HC Deb 08 March 2000 vol 345 cc706-7W
Mr. Menzies Campbell

To ask the Secretary of State for Defence if he will list(a) those targets of the Defence Bills Agency for 1998–99 which (i) were and (ii) were not achieved, giving the factors affecting the outcome in each case and (b) action taken by the agency to improve target achievement performance in 1999–2000; and if he will make a statement. [111730]

Dr. Moonie

This is a matter for the Chief Executive of the Defence Bills Agency. I have asked the Chief Executive to write to the right hon. and learned Member.

Letter from I. S. Elrick to Mr. Menzies Campbell, dated 6 March 2000: I am replying to your question to the Secretary of State for Defence concerning performance against the targets set for the Defence Bills Agency, as this matter falls within my area of responsibility as Chief Executive of the Agency. The seven targets set for the Defence Bills Agency for 1998/99 are detailed below and performance was set out in the Agency's 1998/99 Annual Report and Accounts, a copy of which was placed in the library of the House on 13 July 1999. The first six were achieved in full but the seventh only attained 95.7% against a target of 100%.

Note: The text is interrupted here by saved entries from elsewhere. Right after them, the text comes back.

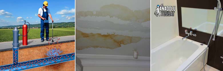 Su kaçağın tespiti ve onarımı, kameralı cihazlarla su kaçağını bulma. Su sızıntısı tespiti önemli ve profesyonel yapılması gereken bir iştir. Evinizin banyosunda meydana gelen su kaçağın önlemi alınmadığı süre boyunca alt komşunuza su sızmaya başlamaktadır. Anadolu Tesisat olarak evinize gelen profesyonel ekiplerimizce banyonuzda meydana gelmiş olan su kaçağını bulmak için önce kameralı cihazlarla noktasal olarak tespiti yapılmaktadır. Tespiti yapılmış olan su kaçağı onarımı için ise fazla kırma dökme yapılmadan ( fayans altı ise 2-3 adet fayans, duvar ise duvarı fazla kırmadan ) onarımı yapılmaktadır.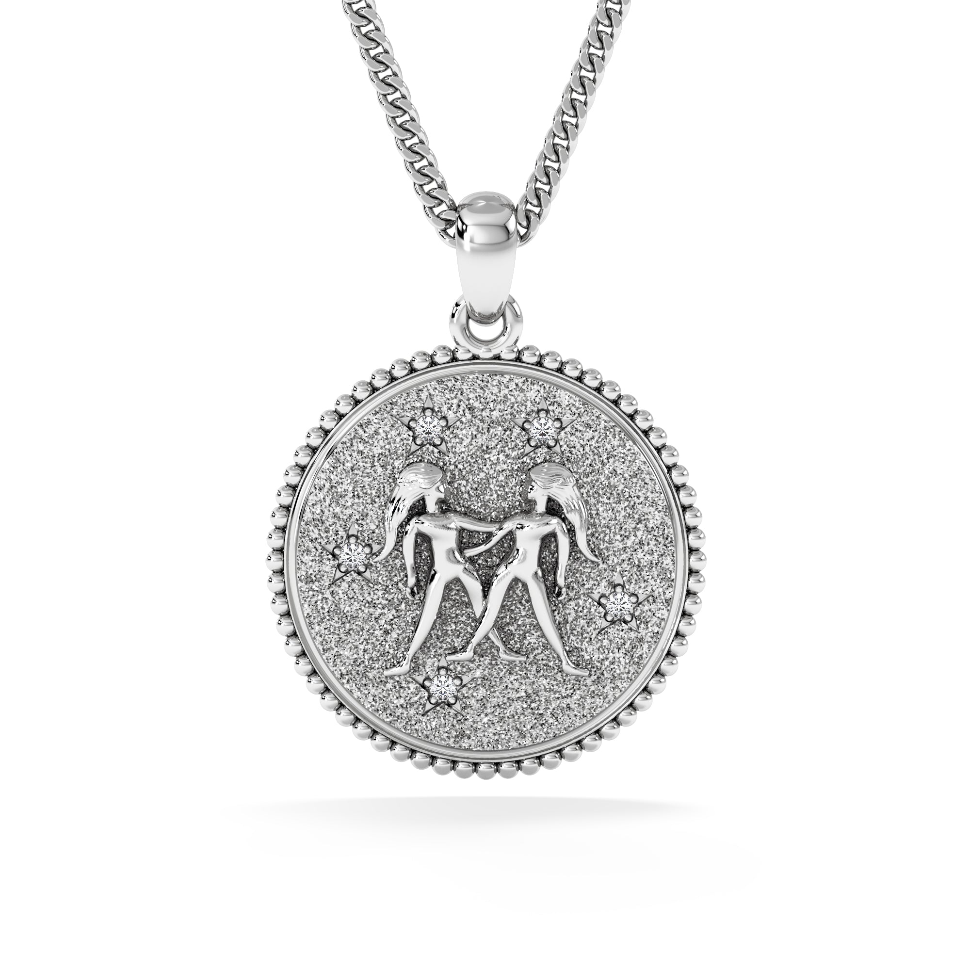 Zodiac Gemini Necklace Medallion Lab Grown 0.02ct in 925 Silver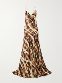Asymmetric Draped Printed Satin Maxi Dress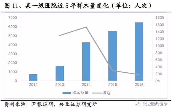 分級診療是近些年國內醫療界的重要課題,2015年國務(wù)院發(fā)表指導意見(jiàn),以提高基層醫療服務(wù)能力為重點(diǎn),以常見(jiàn)病、多發(fā)病、慢性病分級診療為突破口,完善分級診療制度。在2017年兩會(huì )再次重申,在2017年底前要完成85%的覆蓋率。將來(lái),明確診斷將作為基層醫院承擔的重要任務(wù),而今基層醫院缺乏專(zhuān)業(yè)檢驗人員和檢驗設備的現狀,將使得近幾年基層檢驗需求呈井噴式爆發(fā)。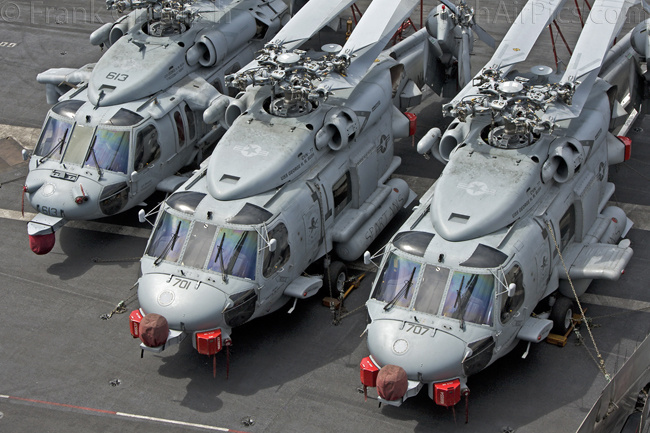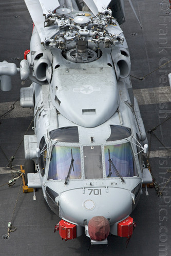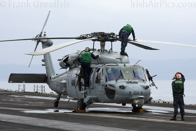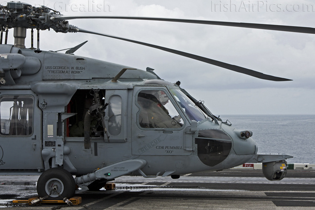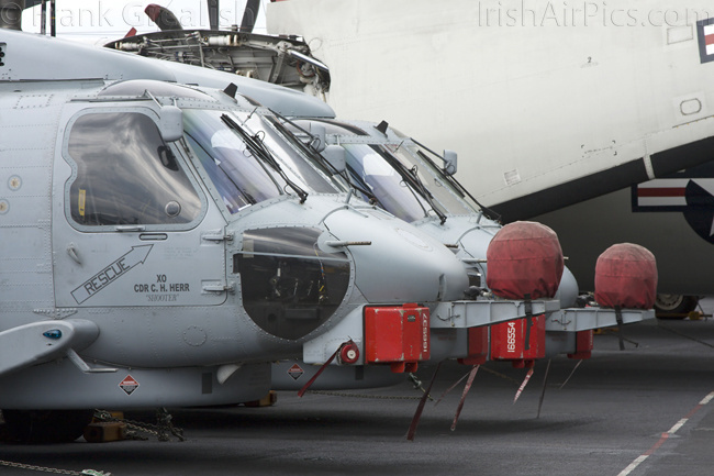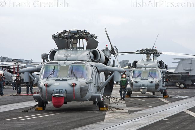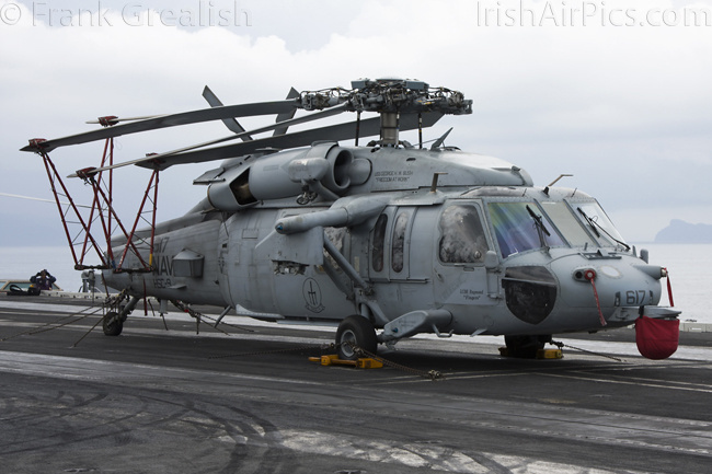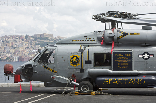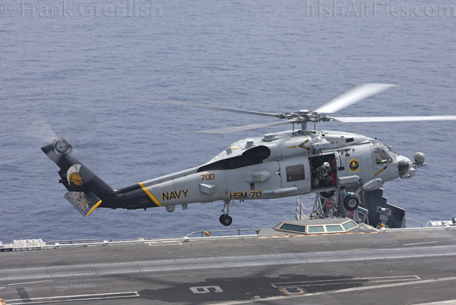 HSM-70 Spartans, one of CVW-8's two helicopter squadrons, has introduced a new helicopter type on the deployment, in the shape of the Sikorsky MH-60R Romeo. The MH-60R is designed to combine the features of the SH-60B and SH-60F into a multi-mission single helicopter platform.Operated by a crew of three, the MH-60R has a primary role of Anti Submarine Warfare (ASW) with secondary roles that include Search and Rescue (SAR), vertical replenishment (VERTREP), fire support, medical evacuation, and communications relay. All Helicopter Anti-Submarine (HS) and Helicopter Anti-Submarine Light (HSL) squadrons that receive the MH-60R will be re-designated Helicopter Maritime Strike (HSM) squadrons.

  1. 1. To pay 97% of correctly presented bills within 11 working days;
  2. 2. To pay 100% of correctly presented bills within 30 calendar days;
  3. 3. To raise 100% of invoices within 5 working days;
  4. 4. To deliver services within the agreed price of £15.587 million for the financial year;
  5. 5. To increase the average number of bills processed annually by each member of staff to 6,555;
  6. 6. To ensure CAPITAL compliance by 1 January 1999.
  7. 7. To meet the criteria contracted for in the Service Level Agreement.
Performance against this final target was affected by the need, in order to meet higher priorities, to divert Agency resources from the fifteen lower-level performance indicators which are aggregated into a single target. The most significant of these higher priorities was the need to alter the Agency's business processes to accommodate the Statutory Interest on Commercial Debt (Interest) Act in November 1998. The Agency also diverted resources to assist the Department in its development of resource accounting and to undertake preparatory work on the Agency's extensive computer resources to ensure millennium compliance. In addition the Agency assimilated a 6% increase in bill throughput numbers compared to the previous financial year, processing some 3.7 million bills in total. To improve performance in 1999/2000 the Agency's targets were redefined following a triennial Prior Options review. This moved the main emphasis of the Agency's targets to the improvement of unit costs which could be independently benchmarked against commercial comparators. There was also a significant tightening of the targets in other areas. The Agency has responded to these changed circumstances by preparing a Corporate Plan which is designed to achieve these new and demanding challenges. The main thrusts of the Plan are: (i) greater commitment to E-commerce in both internal and external communications; (ii) the more effective utilisation of Information Technology in business processes; and (iii) the use of European Quality Foundation Excellence Model benchmarking techniques to ensure that best practice is used throughout the Agency. The deliberately challenging new targets are not being met fully in this first year of the new Service Level Agreement. However, significant progress towards meeting the overarching outcomes contained in the Service Level Agreement has been achieved during 1999–2000 and measures have been taken to ensure that performance will be improved further during 2000–2001. Whilst some of the key targets are not being met in the current year, bill payments performance is still the highest to date in real terms and puts the Agency in the top 10% of large commercial and public sector enterprises in Europe, as measured in independent benchmarking exercises.